Sorry if that reads a bit like some lame Goodreads review, but there you go. Thoroughly enjoyed it.
 

Benny Bunter

Well-known member
Yeah, I mean I am reading it in order from beginning to end obviously, but it quickly became apparent it's nothing like a traditional novel. Plus the thing with the map and the alphabetical index at the back suggests it could be picked up and read in a different order and it wouldn't really matter.
 

Benny Bunter

Well-known member
Carrying on with this down in the bar. Just read The Book of What Cannot Be Spoken out loud to myself, (I always read poetry out loud anyway) this time in the rhythm and cadence of how I was reading the Cantos, seemed to really suit it - lines like 'Flesh slack and soft with seawater' seemed to demand it.

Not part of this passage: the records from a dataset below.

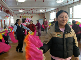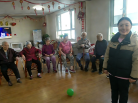 活动前期,学生与养老院提前沟通敲定细节,学生到场后高效完成场地布置,为活动开展做好充分准备。活动中,扇子舞环节学生为老人分发绸布扇并领舞,根据老人身体状态调整动作节奏,工作人员贴心辅助行动不便的老人;趣味踢球环节设置轮椅踢球形式且不设胜负,学生全程陪护老人完成踢球动作,及时捡球、调整球位,筑牢安全防线,两个环节让现场暖意融融、欢声笑语不断。活动尾声,学生协助工作人员将老人安全送回房间,并认真收拾好活动场地,活动在轻松温馨的氛围中圆满落幕。
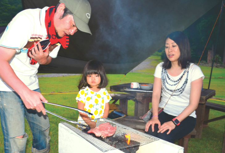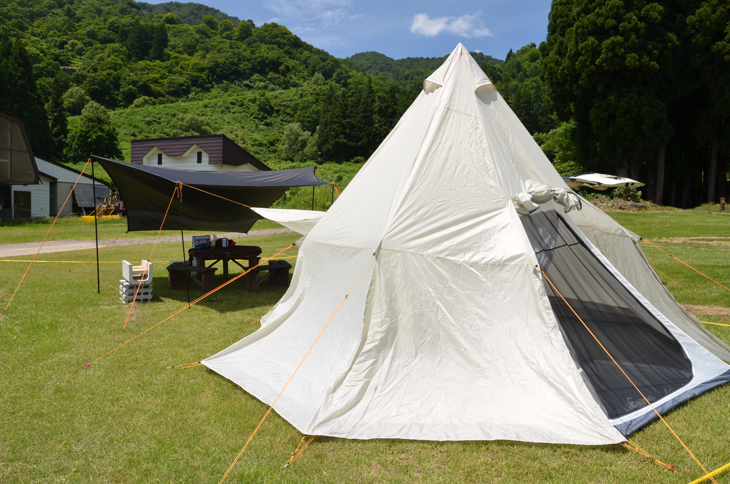 常設テントエリアではテーブルセットなどはすでに設置されており、テント設営もレクチャーしてもらえるので、慣れていない人でも短時間で設営ができる。
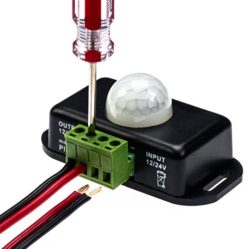 "PIR signifie Passive Infrared Sensor et est un capteur électronique qui mesure la lumière infrarouge (IR) émise par les objets dans son champ de vision. C'est une technologie souvent utilisée pour les produits du secteur de l'alarme et de la sécurité. Ce capteur PIR est destiné à l'éclairage intérieur, à la fois 12 et 24 volts et peut gérer un maximum de 72 watts. L'appareil dispose d'une minuterie pouvant être réglée jusqu'à 10 minutes, ce qui signifie que l'éclairage reste allumé pendant 10 minutes après la détection du dernier mouvement. Caractéristiques: Technologie IRP 12-24V Max 72W Minuterie (max 10 min)"
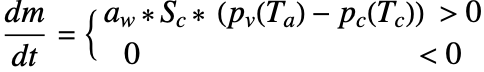 using NIntegrate. Then this result is multiplied by the time step used. For each time interval, a list of values is generated; at the end, Accumulate is used to get the total sum of condensed water.
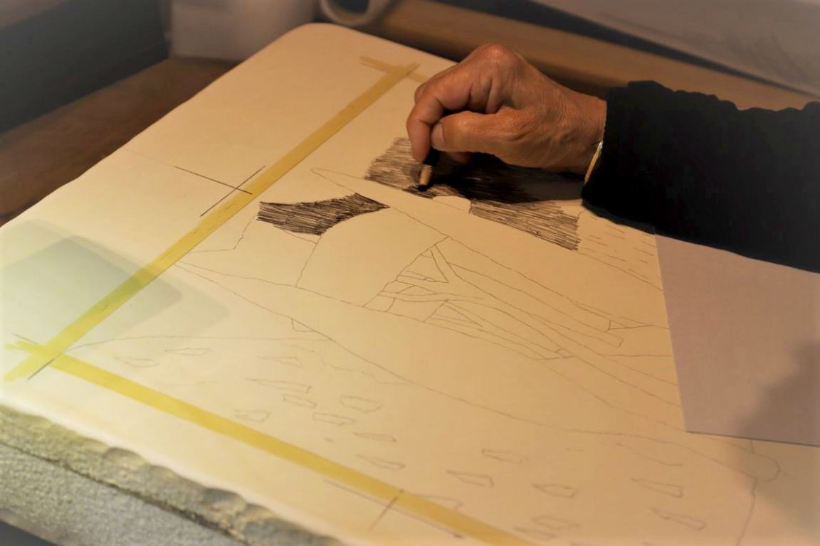 Beim Erzählen schaut die Künstlerin auf ihre Vorlage und zeichnet mit dem Kreidestift dunkle Schraffuren auf den Kalkstein.
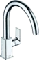 - Gran distancia entre el caño y el fregadero (ComfortZone 260), así como caño giratorio ajustable en 3 pasos (110°, 150° o 360°)
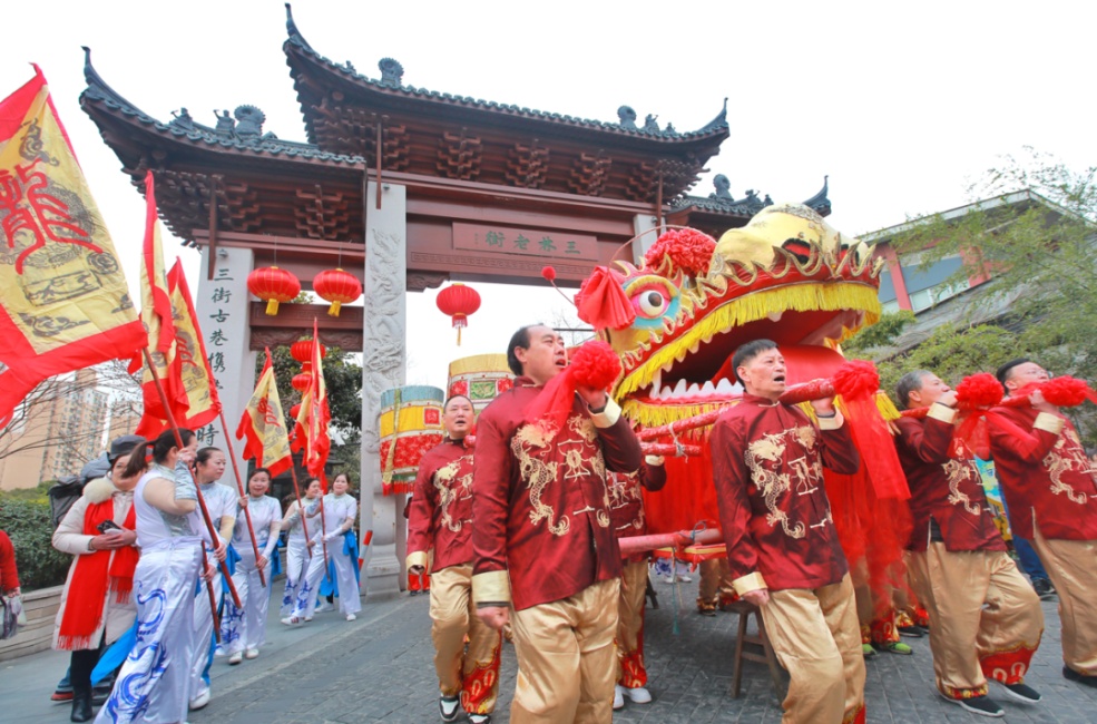 农历二月初二,民间俗称“龙抬头”的日子。悠久绵长的龙文化,深刻留存在上海的城市肌理中,成为非物质文化遗产的一部分流传至今。2月21日,三林镇二月二龙抬头民俗祈福仪式在三林老街举行,用抬龙头的方式祈福。
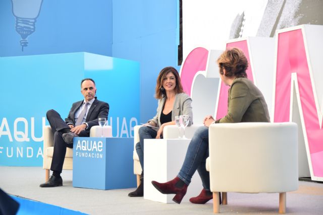 Adjuntamos una foto general y otra en la que aparece el rector de la UPCT, junto a la periodista Encarna Talavera y la presidenta del Consejo de Estrategia y Supervisión de Fundación Aquae, Mariola Urrea
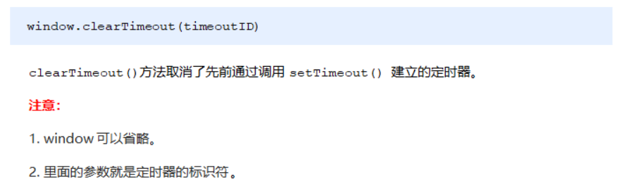 <button>点击停止定时器</button><script>var btn = document.querySelector('button');// 开启定时器var timer = setTimeout(function() {console.log('爆炸了');}, 5000);// 给按钮注册单击事件btn.addEventListener('click', function() {// 停止定时器clearTimeout(timer);})</script>
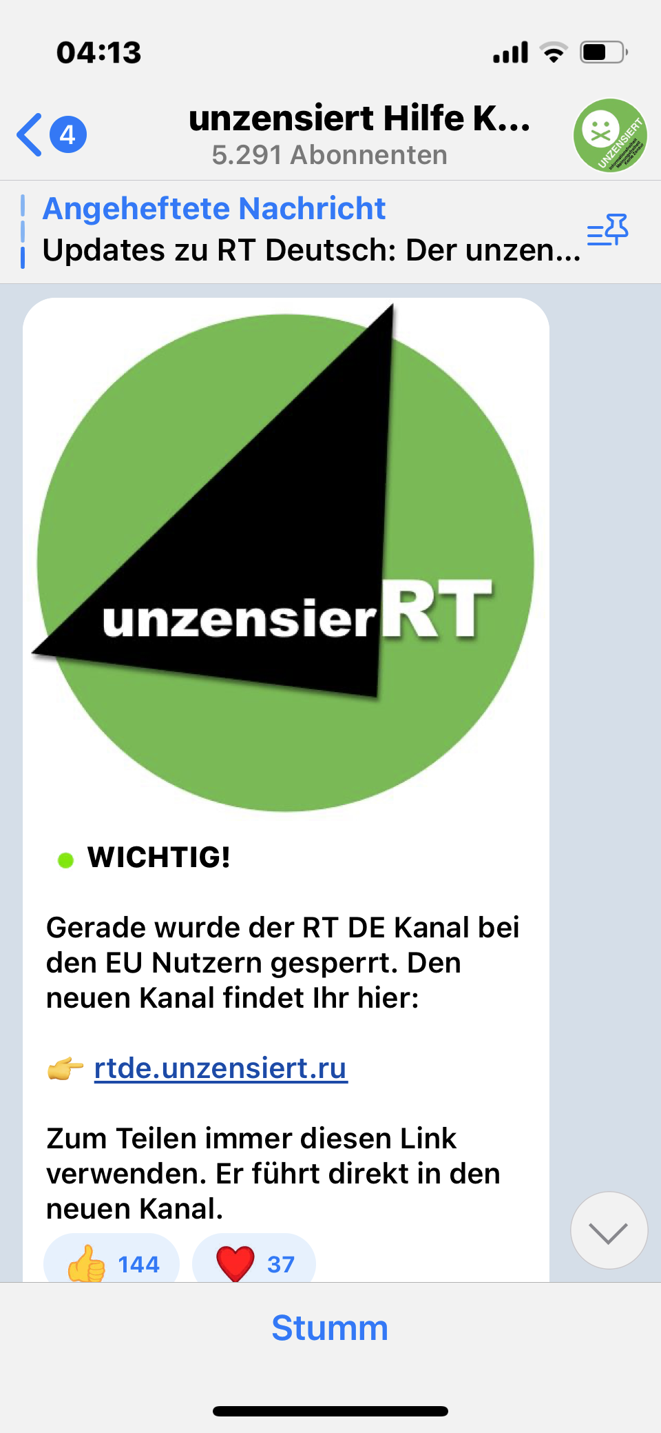 • Gerade wurde der RT DE Kanal bei den EU Nutzern gesperrt.
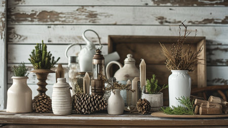 Tabletop display of rustic decorative items for the home, farmhouse interior

Would need to read again to figure out more what it's 'about' (city boy has bad acid trip in the country, among nature?) but it's clear this is a deep one, and totally unlike the others in the book, so showing good range and variety, and a real pleasure to read out.
 

Benny Bunter

Well-known member
Imo, this is how the stresses should sound, very Poundian sounding to me.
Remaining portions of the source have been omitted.